If the differentiator is AI-driven, see the AI Lead Generation Platform case study for how I sequenced the OpenAI pipeline inside a four-week SaaS build. Same playbook, different feature.

How do you keep velocity after the MVP ships?

The week after launch is the dangerous one. The temptation is to keep building. Resist it. Spend that week watching the analytics, talking to the first three users, and writing down every bug you see. Then build the top-three things in week two. Then ship again. Then repeat.

Most clients do not need a retainer after the MVP. The ones who do get a 20-hour/month maintenance bucket at a discount, 30-day rolling cancel. Feature drops are priced per scope rather than open-ended.

That is the entire sequence. Two to six weeks, scope discipline, deploy from day one, billing wired correctly, defensive monitoring, and the discipline to stop after the differentiator works.

Want to talk about a specific build? Email hello@ignax.dev with a one-paragraph description of the product and the deadline. I reply within one business day.

Frequently asked questions

Is two weeks really enough for a SaaS MVP?

Yes, if the spec is honest. Two weeks gets you one core feature, email auth, Stripe Checkout, a basic dashboard, and a production deploy. It does not get you teams, roles, audit logs, or a marketing site with five templates. The trick is choosing what to leave out and saying no to feature requests during the build, not negotiating during discovery and then adding in the middle.

What stack do you use to ship in two weeks?

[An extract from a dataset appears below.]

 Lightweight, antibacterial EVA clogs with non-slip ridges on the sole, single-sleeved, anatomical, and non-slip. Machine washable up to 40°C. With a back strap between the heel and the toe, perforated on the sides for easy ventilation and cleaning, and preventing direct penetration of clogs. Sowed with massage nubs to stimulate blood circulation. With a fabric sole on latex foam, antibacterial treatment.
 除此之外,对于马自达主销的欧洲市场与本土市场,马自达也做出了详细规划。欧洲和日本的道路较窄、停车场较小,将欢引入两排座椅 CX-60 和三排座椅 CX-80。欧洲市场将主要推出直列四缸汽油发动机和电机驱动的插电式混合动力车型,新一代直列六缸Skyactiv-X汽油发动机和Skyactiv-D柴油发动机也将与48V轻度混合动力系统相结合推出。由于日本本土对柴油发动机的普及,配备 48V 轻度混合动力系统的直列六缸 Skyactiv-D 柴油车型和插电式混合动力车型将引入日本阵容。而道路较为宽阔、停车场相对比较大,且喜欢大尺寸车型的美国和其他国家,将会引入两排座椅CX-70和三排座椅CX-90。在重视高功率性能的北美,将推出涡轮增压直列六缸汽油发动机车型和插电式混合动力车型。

SvelteKit + TypeScript on the front, Node or Python on the back, Postgres on Supabase or Neon, Stripe for billing, Cloudflare Pages for the deploy. I use this stack because I know it cold. Pick whatever stack you can ship in without lookups; that matters more than which framework wins the benchmarks. Familiarity beats novelty for MVPs.

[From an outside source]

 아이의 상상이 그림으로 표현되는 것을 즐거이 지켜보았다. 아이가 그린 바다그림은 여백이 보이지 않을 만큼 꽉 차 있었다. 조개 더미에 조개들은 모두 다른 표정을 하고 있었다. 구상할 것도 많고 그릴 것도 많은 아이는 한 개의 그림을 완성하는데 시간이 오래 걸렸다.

Should I add AI to my MVP?

Only if it is the differentiator. Bolting a chat widget onto a CRUD app does not make it a SaaS. If the AI is the product (RAG over your docs, a generation pipeline, an automation worker), default to managed APIs from OpenAI or Anthropic and skip self-hosted models until you have paying users and a real cost problem to solve.

How do I avoid scope creep mid-build?

Write the one-page spec, sign it, and treat anything outside it as v2. Every new request gets logged in a parking lot file, not built. If the request is genuinely critical. The quote and date change in writing before the keyboard touches the code. Most requests turn out not to be critical once the customer is paying and using the product.

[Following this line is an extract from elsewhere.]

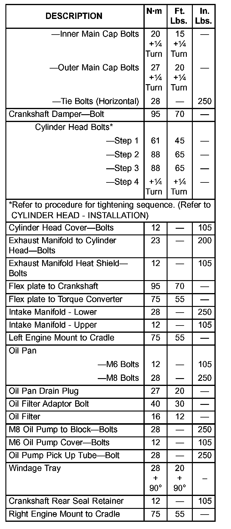 Engine Torque Specifications
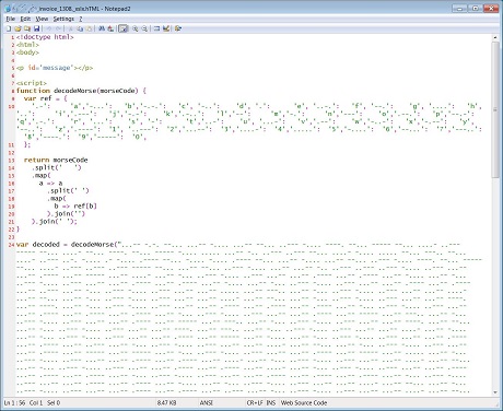 When viewing the attachment in a text editor, you can see that they include JavaScript that maps letters and numbers to Morse code. For example, the letter 'a' is mapped to '.-' and the letter 'b' is mapped to '-...', as shown below.

What is the biggest mistake first-time founders make?

Building a settings page before the core feature works. Settings, teams, billing portal, dark mode, and admin dashboards are the procrastination engine of MVP development. Ship the one feature that matters end-to-end, get it in front of a paying user, then build the supporting infrastructure when somebody asks for it. Not before.